Note:
This topic has been translated from a Chinese forum by GPT and might contain errors.
Original topic: ERROR 9005 (HY000): Region is unavailable
Cluster topology
Currently testing a three-node cluster. After manually taking one node offline (shutting down the server), the database becomes unusable;
Error: ERROR 9005 (HY000): Region is unavailable
Why can’t high availability be achieved when one node fails?

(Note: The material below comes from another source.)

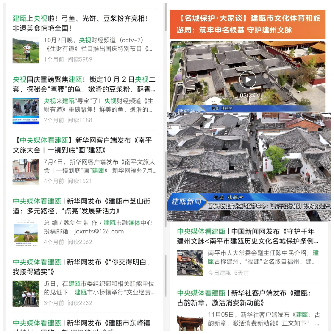 市委宣传部精心策划主题宣传,指导市融媒体中心在《建瓯新闻》、综合广播及“今日建瓯”微信公众号同步开设“申报国家历史文化名城”“千年建州 理学名城”等专栏,累计播出相关新闻节目200余条。举办“看见福建・千年建州”网络主题活动,设置“免费游建州”“建州网络星推官”等特色环节,集中展示建瓯历史街区、古建遗存与美食文化,活动全网传播量达1.3亿,#千年建州#等话题屡登热搜,吸引超7.2万网民互动,极大提升了建瓯历史文化名城的知名度与美誉度,带动文旅搜索量显著攀升。 同步开设“我本建州”文化主题公众号,设立“建州志”“建州韵”“建州游”等专栏,围绕朱子文化、茶文化、非遗与美食文化等“建”文化核心,推出《追访朱文公:朋友圈里的理学密码》《萌萌小黄鸭揭秘:建瓯板鸭的前世今生》等系列视频图文,并制作发布《千年建州·理学名城》城市形象宣传片,持续扩大“千年建州·理学名城”品牌影响力。 宣传声势持续扩大。对接新华社刊发《建瓯“创城”盼四项支持》获省委主要领导批示;新华社开设“以‘申名’推进建瓯高质量发展”专题;央视一套《三餐四季》、二套《生财有道》摄制组走进建瓯,集中展示美食、文化、旅游与产业发展亮点,全网曝光超9亿次。围绕“申名”宣传工作,在人民日报、新华社、光明日报、福建日报、福建电视台等中央及省级媒体刊发《以文兴城,打造文化传承新标杆》《建瓯:千年建州续风华 理学名城再出发》等相关报道300余篇(次),总浏览量突破1.5亿。其中,中央电视台《朝闻天下》播出的《多元拓展旅游体验 县域游成为新风尚》、《中国新闻》播出的《建瓯古城热闹喜庆贺新春》《各地小美好 汇成文旅大流量》等节目,引发社会各界对建瓯文旅的广泛关注。 “今年以来,我们共对接上级媒体76批185人次,持续从更深层次、更新视角做好‘申名’宣传。”市委宣传部新闻室科员范雨桐说。 网络宣传上,策划“何以中国・我本建州”短视频创意大赛,联合网络达人、旅游博主深入挖掘建州千年历史与非遗民俗,以年轻化表达激活文化内涵。开展“建瓯美食探秘直播”,组建“文化特派员助力团”,实地考察历史文化资源,推动“文化+网络大V”模式深度融合,助力历史遗存活化与文旅产业发展。 三、文艺浸润,展演名城时代风采

I see that PD and TiKV are deployed together. Shutting down the server causes not only TiKV to go offline, so you might encounter the above errors. For example, if the PD leader goes offline and there are TiKV or TiKV region leaders on it, it will take time to recover.
-
Is the configured number of replicas 3?
-
Has the PD leader gone down?
If these two conditions are not met, the above errors will occur…
It is recommended to deploy a single instance for easier testing of availability.
If it’s just for experience, the current mixed deployment is fine.
Hello: Is it always unavailable? Or is it only unavailable for a short period of time?
The default number of replicas is 3.
The leader did not crash.
It has been unavailable all the time. This is the distribution of the region.
If the one that went offline is not the leader, do we need to wait for TiKV to synchronize itself before it can recover when encountering this error?
Why is the 192 segment in tiup, but the 10 segment in tikv_store_status? It keeps reporting “Region is unavailable,” which definitely indicates that the majority of region replicas have failed. What operations have been performed?
No, the two screenshots are not from the same cluster, but the same tests were conducted, and the same situation occurred.
Find a smaller table that will report this error, use show table xxx regions
to find the region_id, then use pd-ctl region xxx
to check the output. Let’s take the 10 network segment as an example.
It seems to be on the disconnected machine. Will this situation automatically recover?
Why is there only one replica? Have you adjusted the number of replicas? Use pd-ctl config show
to check; max-replicas
should be >= 3. Also, check the Grafana overview monitoring, specifically the leader and region monitoring under TiKV.
It still looks like an environment issue… We need to check what operations were performed that caused this.
I found the problem. I changed the replica count to 1. If I change it to 3, this issue should not occur, right?
It depends on whether your data is lost. If not, start TiKV and it will automatically balance after changing to 3 replicas. If the data is lost, you’ll have to redo it.
This topic was automatically closed 60 days after the last reply. New replies are no longer allowed.